ACTIVITY ▸
The pictures are to be left out, and all remaining data is to be transcribed exactly as it appears.

THE DATA ▸
◆ ◆ ◆ ◆ ◆ ◆ ◆
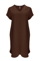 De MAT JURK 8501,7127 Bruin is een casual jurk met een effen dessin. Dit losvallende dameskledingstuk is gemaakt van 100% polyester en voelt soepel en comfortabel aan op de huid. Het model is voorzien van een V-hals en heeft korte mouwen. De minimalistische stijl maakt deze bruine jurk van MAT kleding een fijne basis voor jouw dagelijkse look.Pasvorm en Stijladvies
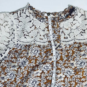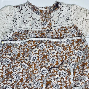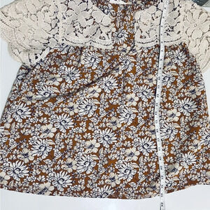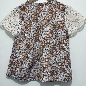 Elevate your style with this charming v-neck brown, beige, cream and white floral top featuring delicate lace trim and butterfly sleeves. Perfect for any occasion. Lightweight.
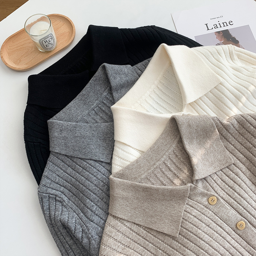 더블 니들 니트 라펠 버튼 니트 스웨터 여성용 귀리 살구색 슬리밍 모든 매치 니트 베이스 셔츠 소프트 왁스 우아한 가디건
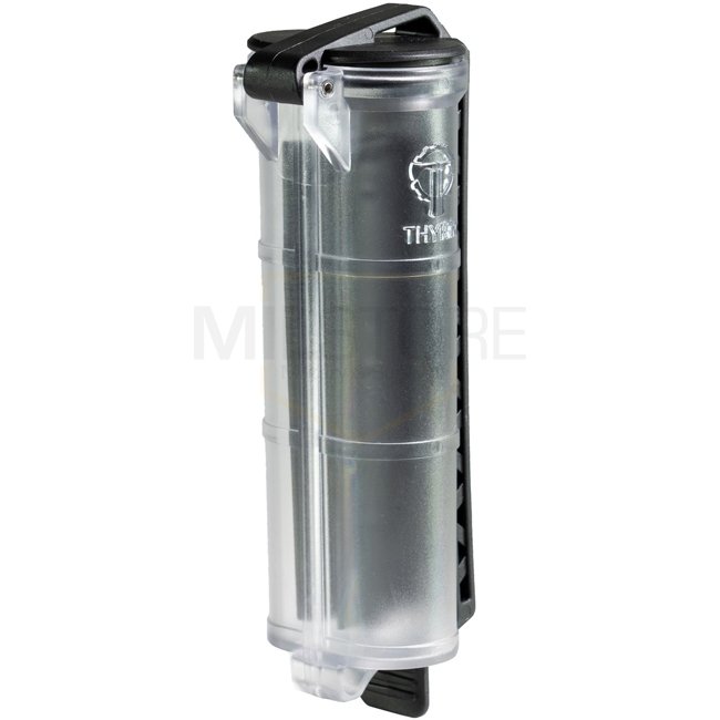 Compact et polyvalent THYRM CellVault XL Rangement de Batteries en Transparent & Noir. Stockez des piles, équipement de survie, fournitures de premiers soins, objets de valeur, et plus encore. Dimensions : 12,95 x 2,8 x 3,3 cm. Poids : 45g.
◆ ◆ ◆ ◆ ◆ ◆ ◆
RESULT FOR THIS TASK ▸
 De MAT JURK 8501,7127 Bruin is een casual jurk met een effen dessin. Dit losvallende dameskledingstuk is gemaakt van 100% polyester en voelt soepel en comfortabel aan op de huid. Het model is voorzien van een V-hals en heeft korte mouwen. De minimalistische stijl maakt deze bruine jurk van MAT kleding een fijne basis voor jouw dagelijkse look.Pasvorm en Stijladvies
 Elevate your style with this charming v-neck brown, beige, cream and white floral top featuring delicate lace trim and butterfly sleeves. Perfect for any occasion. Lightweight.
 더블 니들 니트 라펠 버튼 니트 스웨터 여성용 귀리 살구색 슬리밍 모든 매치 니트 베이스 셔츠 소프트 왁스 우아한 가디건
 Compact et polyvalent THYRM CellVault XL Rangement de Batteries en Transparent & Noir. Stockez des piles, équipement de survie, fournitures de premiers soins, objets de valeur, et plus encore. Dimensions : 12,95 x 2,8 x 3,3 cm. Poids : 45g.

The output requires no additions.